#### Input material ####
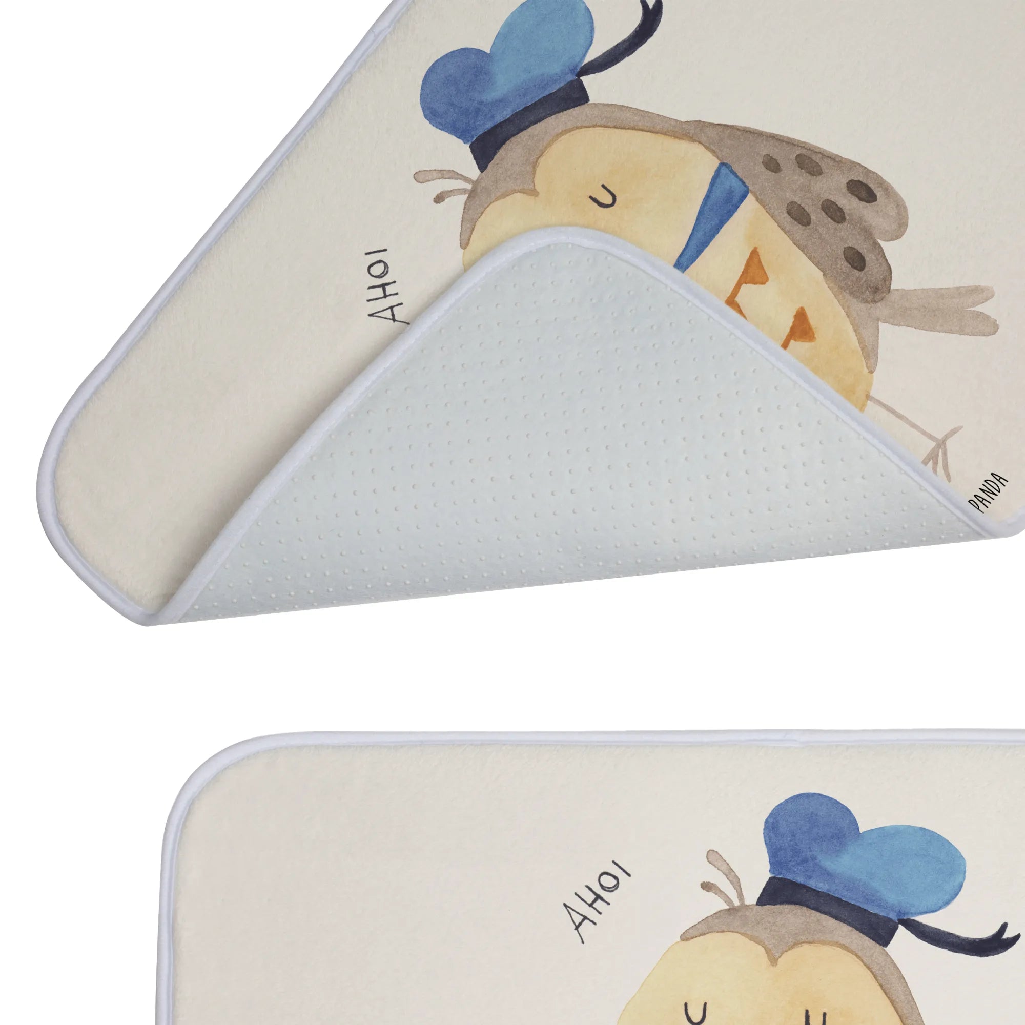 Diese niedliche Eule mit ihrem Matrosenhut ist mehr als nur ein Badvorleger – sie ist wie ein treuer Begleiter, der dir mit ihrem fröhlichen Design ein Lächeln ins Gesicht zaubert. Die Eule lädt dich mit ihrem charmanten Blick ein, in die Welt der Abenteuer einzutauchen, egal ob beim Duschen oder einfach beim Entspannen im Bad.
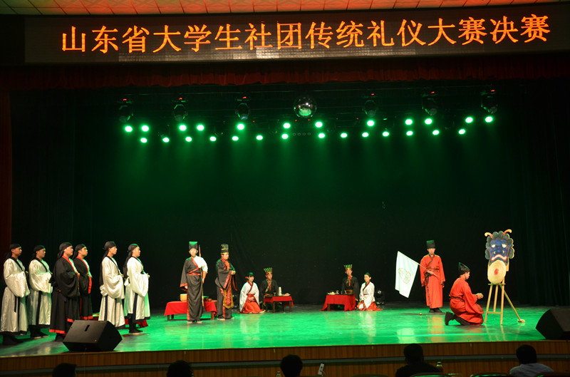 6月5日,第二届山东省大中专学生社团节系列活动之“山东省大学生社团传统礼仪大赛”决赛在鲁东大学落下帷幕,来自省内15所高校的近200名师生,展示了成人礼、拜师礼、祭月礼、射礼和婚礼等传统礼仪,我校历史文化学院“洙泗学社”传统礼仪展演队表演的乡射礼荣获一等奖。
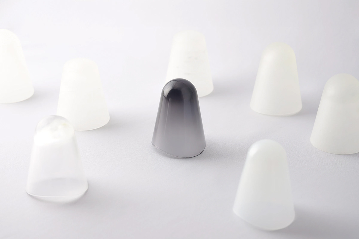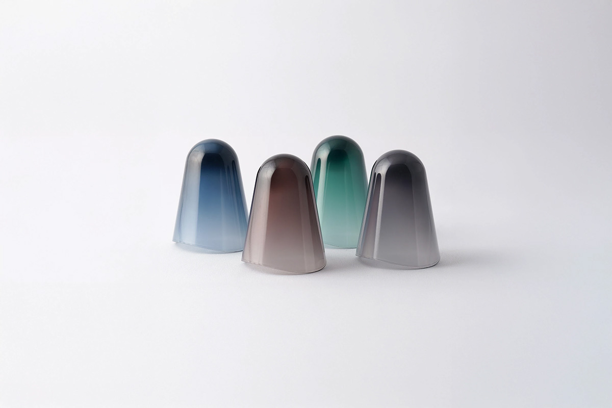 香薰機(jī)采用生物基PET材質(zhì),其色彩設(shè)計(jì)使其在放置時(shí)仿佛漂浮在空中。它的厚度逐漸變化,即使是單一顏色也能呈現(xiàn)出美麗的漸變效果:從較薄處的近乎透明,到較厚處顏色逐漸加深。為了營造朦朧的視覺效果,還添加了磨砂添加劑,使顏色略帶朦朧感。
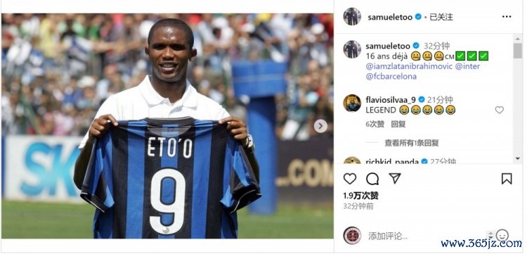 埃托奥社媒晒出我方与伊布其时互换东家的相片,配文:“16年前。”并@伊布、国米和巴萨。
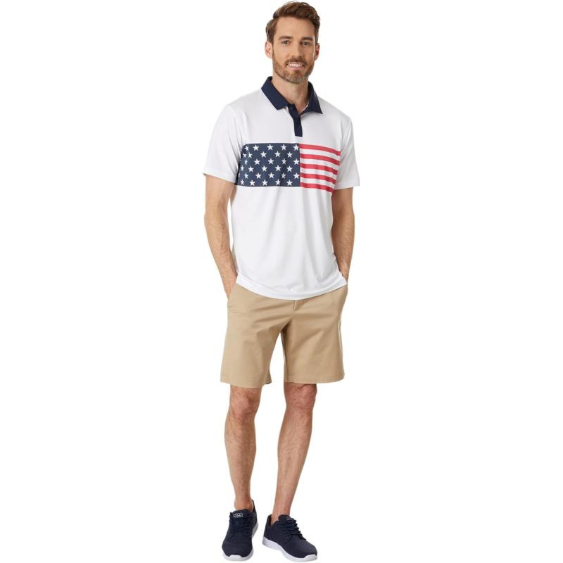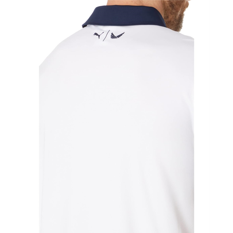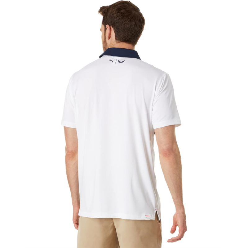 Keep shining your charm by donning the flag print comfy style PUMA Golf Volition Stars & Bars Polo shirt.
####
### Exercise directions:
Set the lines above down again, word for word, from the first through the one containing "埃托奥社媒晒出我方与伊布其时"; pictures excluded.

### Reply to the exercise:
 Diese niedliche Eule mit ihrem Matrosenhut ist mehr als nur ein Badvorleger – sie ist wie ein treuer Begleiter, der dir mit ihrem fröhlichen Design ein Lächeln ins Gesicht zaubert. Die Eule lädt dich mit ihrem charmanten Blick ein, in die Welt der Abenteuer einzutauchen, egal ob beim Duschen oder einfach beim Entspannen im Bad.
 6月5日,第二届山东省大中专学生社团节系列活动之“山东省大学生社团传统礼仪大赛”决赛在鲁东大学落下帷幕,来自省内15所高校的近200名师生,展示了成人礼、拜师礼、祭月礼、射礼和婚礼等传统礼仪,我校历史文化学院“洙泗学社”传统礼仪展演队表演的乡射礼荣获一等奖。
 香薰機(jī)采用生物基PET材質(zhì),其色彩設(shè)計(jì)使其在放置時(shí)仿佛漂浮在空中。它的厚度逐漸變化,即使是單一顏色也能呈現(xiàn)出美麗的漸變效果:從較薄處的近乎透明,到較厚處顏色逐漸加深。為了營造朦朧的視覺效果,還添加了磨砂添加劑,使顏色略帶朦朧感。
 埃托奥社媒晒出我方与伊布其时互换东家的相片,配文:“16年前。”并@伊布、国米和巴萨。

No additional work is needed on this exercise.